Open doctor3030 opened 3 years ago
I simply upgraded every pip installed package and then it worked. Instructions for doing this are here: https://www.activestate.com/resources/quick-reads/how-to-update-all-python-packages/
Hello All,
I also faced the same issue for few hours while working with the Top2vec llibrary and got it fixed just by restarting the Kernel after installing top2vec[sentence_encoders].
FYI- The kernel I was working on is the Kaggle one but the error was exact the same.
pip install hdbscan --no-build-isolation --no-binary :all:
worked for me!
Man, you're literraly saved my life. Nothing worked in hours and I couldnot detect why Thanks a lot!
I was having the same problem when using efficient == 1.1.1 , the problem that causing this issue was the version of scipy, I installed scipy==1.4.1 with numpy=1.19.5 and tensorflow == 2.4.0, downgrade scipy to 1.4.1
$ pip install hdbscan --no-cache-dir --no-binary :all: --no-build-isolation
Didn't work for me. I am running in a virtual environment (e.g. tensorflow_macos_venv) with Apple's machine learning version of tensorflow. Tensorflow is keeping numpy back to 1.18.5.
Python 3.8.5 (default, Sep 4 2020, 02:22:02)
Type 'copyright', 'credits' or 'license' for more information
IPython 7.23.1 -- An enhanced Interactive Python. Type '?' for help.
In [1]: import numpy
In [2]: print(numpy.__version__)
1.18.5
In [3]: import tensorflow
In [4]: print(tensorflow.__version__)
2.4.0-rc0
In [5]: import hdbscan
---------------------------------------------------------------------------
ValueError Traceback (most recent call last)
<ipython-input-5-3f5a460d7435> in <module>
----> 1 import hdbscan
~/tensorflow_macos_venv/lib/python3.8/site-packages/hdbscan/__init__.py in <module>
----> 1 from .hdbscan_ import HDBSCAN, hdbscan
2 from .robust_single_linkage_ import RobustSingleLinkage, robust_single_linkage
3 from .validity import validity_index
4 from .prediction import (approximate_predict,
5 membership_vector,
~/tensorflow_macos_venv/lib/python3.8/site-packages/hdbscan/hdbscan_.py in <module>
19 from scipy.sparse import csgraph
20
---> 21 from ._hdbscan_linkage import (single_linkage,
22 mst_linkage_core,
23 mst_linkage_core_vector,
hdbscan/_hdbscan_linkage.pyx in init hdbscan._hdbscan_linkage()
ValueError: numpy.ndarray size changed, may indicate binary incompatibility.

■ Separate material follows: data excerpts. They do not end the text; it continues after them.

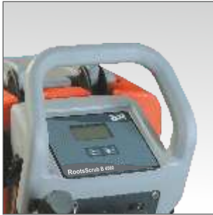
Ergonomic handle for operators of any height. Excellent view of the area to be cleaned. Soft touch buttons for selection of operation. LCD panel with display of hour meter, battery level.
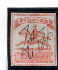
BOGUS 3 TAYLOR LIGHT RED ON WHITE - CANCELLED STATE 4
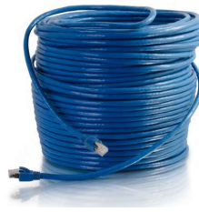
30m Cat6 Booted Unshielded (UTP) Network Patch Cable
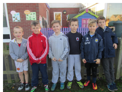
Year 4 boys
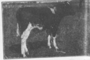
King Segis Alcartra Calamity , our $2,000 35-lb. show bull. Sired by the $50,000 bull.

KING was first prize and Junior Champion at London in 1915, second prize two-year-old at Toronto and London in 1916. Is sire of the Junior Champion male at Sherbrooke 1916 and 1917, and also of the first prize bull calf at Toronto, London and Guelph in 1917, and the first prize yearling bull in 1918.
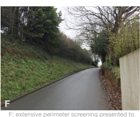
extensive perimeter screening presented to public realm of La Rue de la Frontiere
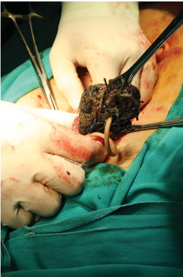
Figure 1 - Cotton bezoar with trapped feeding tube
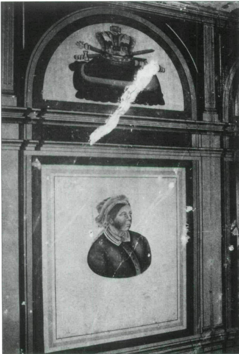
▲ Fig. 2. Queen Victoria's portrait is surmounted by a royal crown resting on a Bible.
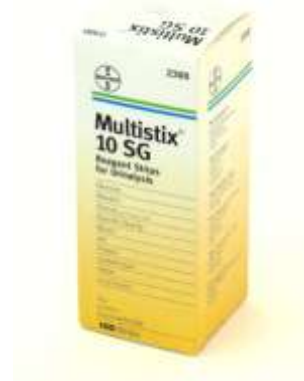
Multistix 10 SG
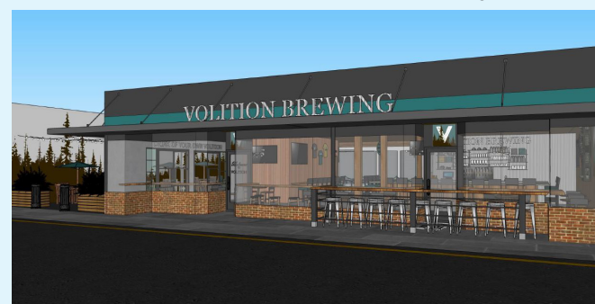
Rendering provided by Craig Glazier
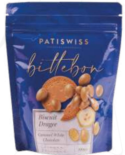
Banana Flavored Caramel White Chocolate Covered Biscuit Dragee 120g
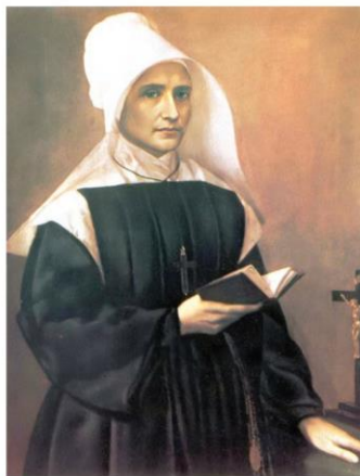
Blessed Enrichetta Dominici
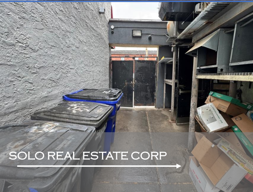
SOLO REAL ESTATE CORP
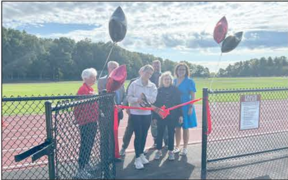
Officials cut the ribbon for the newly renovated track adjacent to Tourtellotte Memorial High School.
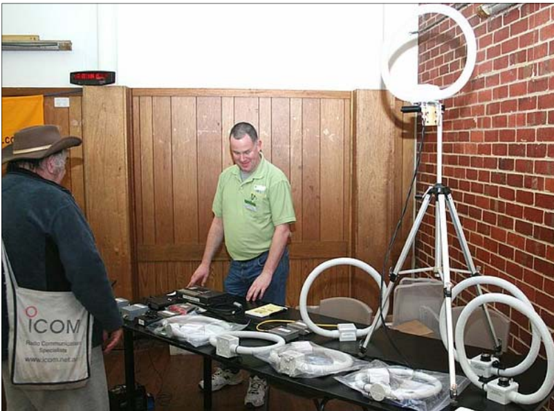
PK's Loop Antennas [NB Lots more of Paul's pics are at www.paulstubbs.pozzie.net/ ]
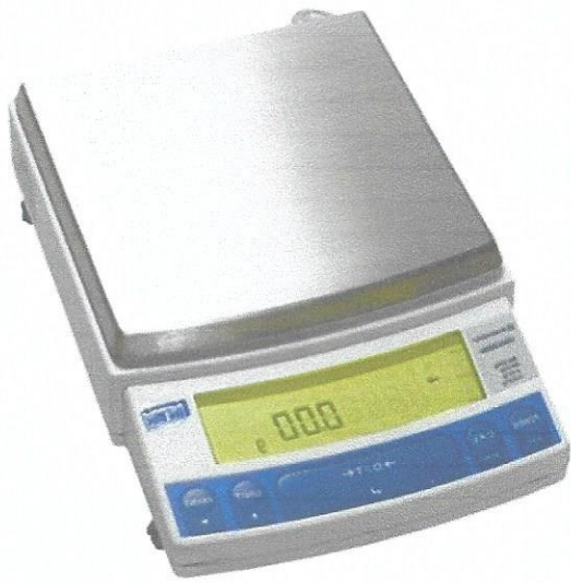
Digital Top Loading Balance
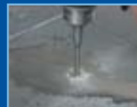
SMALL DIAMETER PTC DRILL USED FOR ACCURATE PILOT HOLE
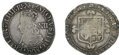
245 Third issue, Shilling, mm. crown, reads BRIT FR ET HIB, 5.81g/4h (ESC 307 [1017]; N 2764; S 3322). Good fine £300-£360
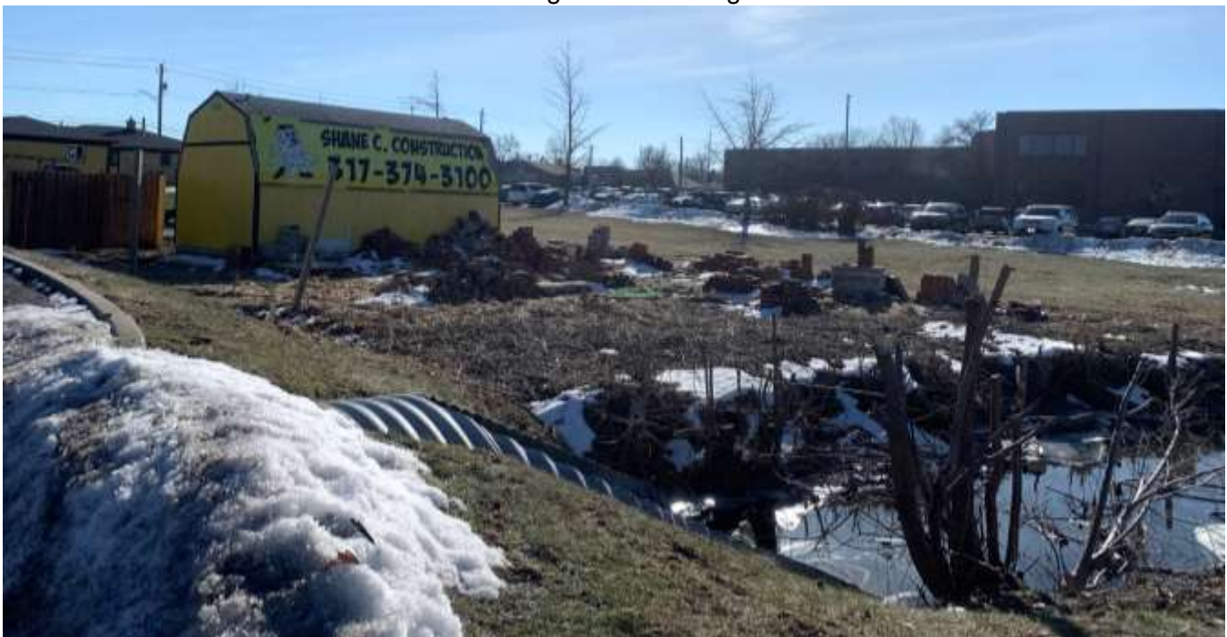
Proximity of outdoor storage in relation to the Blue Creek Stream.
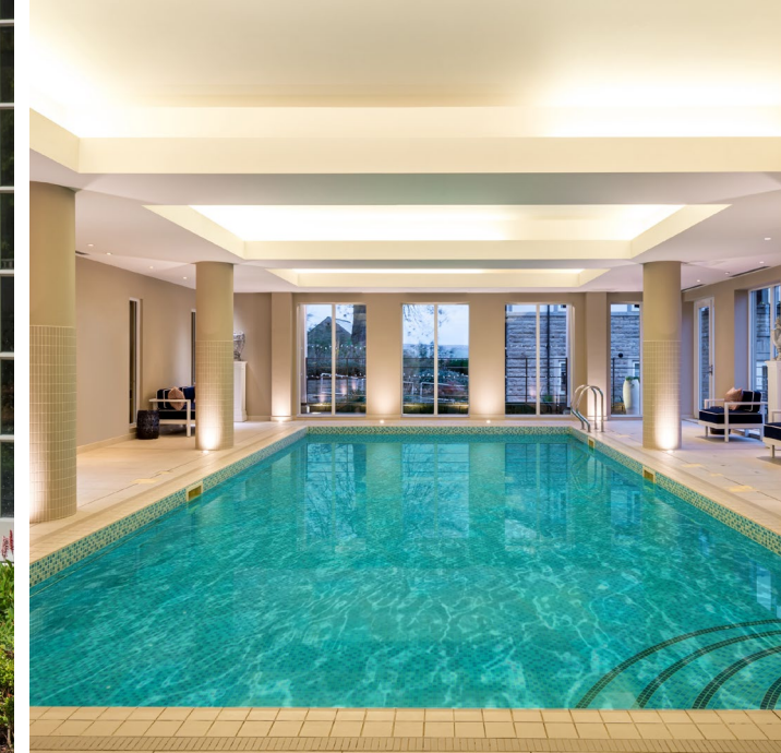
Audley Cooper's Hill
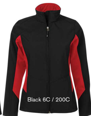
Black 6C / 200C
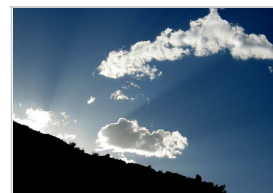
Heaven is a World of Love, by Jonathan Edwards

Audio recordings of history's greatest sermons
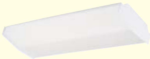
SY 920 220/WRW 220
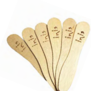
Body Butter Tester Sticks
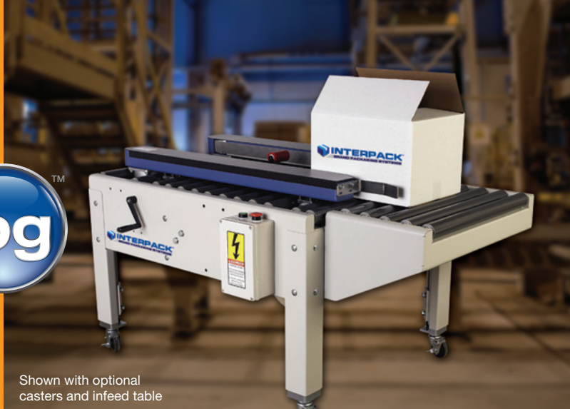
Shown with optional casters and infeed table
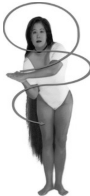
Step 9. Willow Waist

This circling contains one complete breath. Inhale the first half of the circle (until the hands are stretched up and over the head, fingers pointing straight up), and exhale while performing the “S” shape movement.
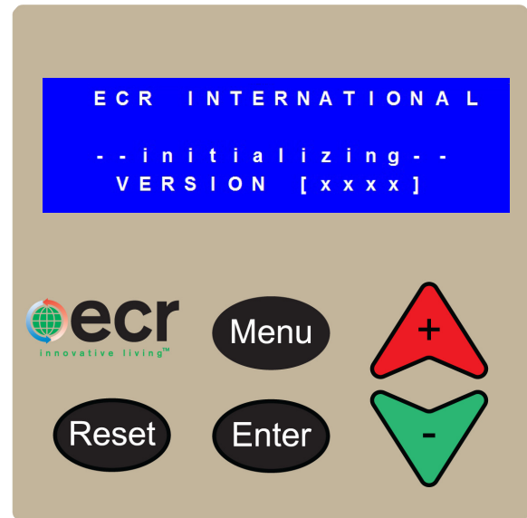
Figure - 2 User Interface 2 Pin Connector
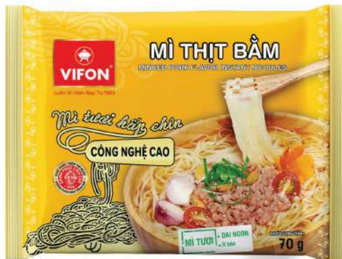
MTG03 Minced Pork (70 g)
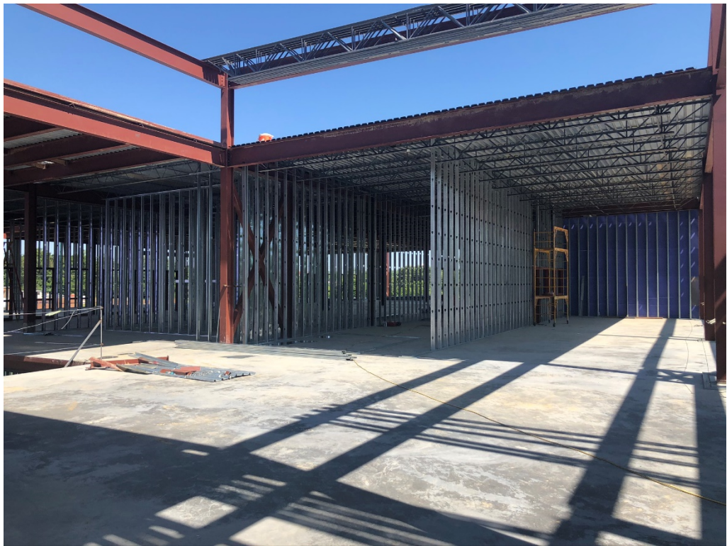
Figure 4 – Interior Framing at Upper Level in ongoing
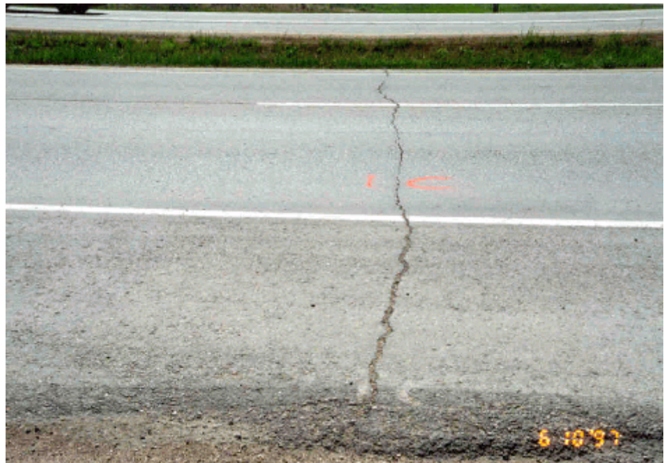
Photo 22. A view of a typical crack in the east control section.
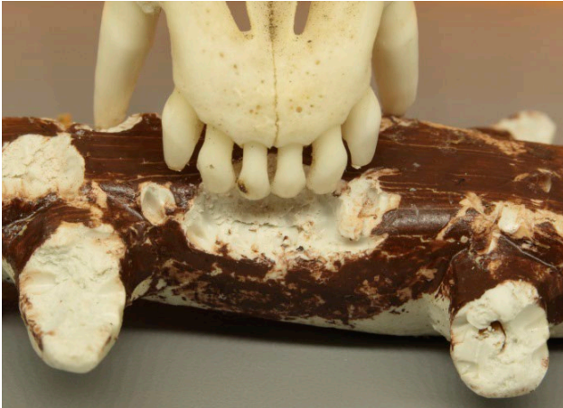
Fig. 1. Tooth prints left on plasticine models were compared with skulls and in this case red fox was identified as predator.
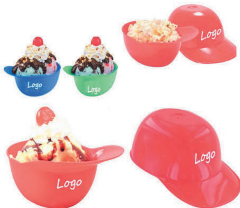
Item #16: Mini Plastic Baseball Helmet example
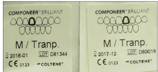
Figure 2: Componeer blister packs depicting the tooth number, size, and shade

Tooth preparation was minimally invasive for both the groups and in accordance with prescribed guidelines for
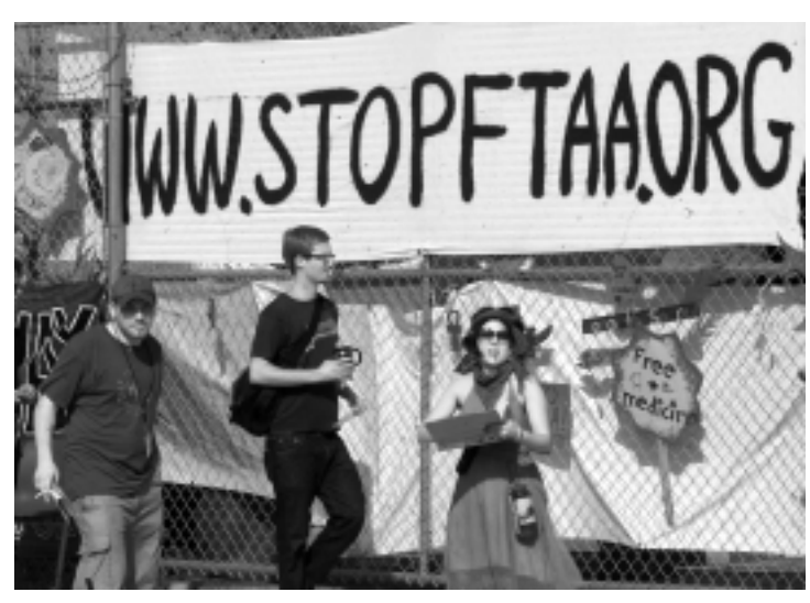
Demonstrators protest at a November 2003 meeting of the Free Trade Area of the Americas in Miami, Florida.

Bhagwati questioned whether imposing trade sanctions to redress nontrade concerns is the best policy option. Because it is very difficult for poor countries to "throw stones at big ones," such an asymmetrical response becomes resented and counterproductive. Moral suasion and boycotts, he argued, can be much more effective in advancing social agendas. At the same time, Bhagwati called upon international organizations to provide poor countries with adjustment assistance to help them cope with the downsides of trade liberalization. "The advanced countries have been doing it ever since Kennedy's time," he said, adding that "every trade act has had trade adjustment assistance drawn out." Bhagwati also felt that the transition to a more open trading regime should be managed with caution and that the speed on developing or improving policies to meet social agendas should be accelerated.
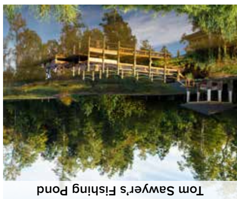
Tom Sawyer's Fishing Pond

Expected 88 from C header, got 80 from PyObject
None of these suggestions worked me for me. PS: I am using Kaggle environment.
@adilosa @lmcinnes if there ever was to be a selected answer for this issue, this would be it. Thanks for this - extremely helpful. You have my respect sir/ma'am.
Will second this! Sharing what worked for me in case it can help someone else:
* The only thing that worked for me with the version pins in my requirements.txt was to install with `--no-build-isolation` * `--no-binary` alone was not able to solve the issue
See below for my
requirements.txt
and relevant Dockerfile section:# requirements.txt tensorflow==1.15.2 numpy==1.18.1 scikit-learn==0.22.1
# Dockerfile RUN python -m pip install --upgrade pip setuptools ADD requirements.txt . RUN pip install -r ./requirements.txt --no-cache-dir RUN pip install hdbscan --no-cache-dir --no-binary :all: --no-build-isolation
This one worked for me. Thank you!
@adilosa @lmcinnes if there ever was to be a selected answer for this issue, this would be it. Thanks for this - extremely helpful. You have my respect sir/ma'am.
Will second this! Sharing what worked for me in case it can help someone else:
* The only thing that worked for me with the version pins in my requirements.txt was to install with `--no-build-isolation` * `--no-binary` alone was not able to solve the issue
See below for my
requirements.txt
and relevant Dockerfile section:# requirements.txt tensorflow==1.15.2 numpy==1.18.1 scikit-learn==0.22.1
RUN python -m pip install --upgrade pip setuptools ADD requirements.txt . RUN pip install -r ./requirements.txt --no-cache-dir RUN pip install hdbscan --no-cache-dir --no-binary :all: --no-build-isolation
This one worked for me. Thank you!
Tried the exact same things, did not work. Getting the same error ValueError: numpy.ndarray size changed, may indicate binary incompatibility. Expected 88 from C header, got 80 from PyObject Also, for the above tensorflow, numpy required should be >1.17, one in a thread above numpy==1.16.0 has been suggested. How to solve this problem? And is there anything that I am missing? As discussed above, python version shouldn't be a problem. I am using 3.6.0
Thanks, Poorva
Hey guys, I got that error today and after my tryings i solved mine. Here the codes. I restarted kernel after installed libraries
!pip install seaborn --user !pip install pandas --user
use python virtual environments and install pip install gensim==3.8.3
@adilosa @lmcinnes if there ever was to be a selected answer for this issue, this would be it. Thanks for this - extremely helpful. You have my respect sir/ma'am.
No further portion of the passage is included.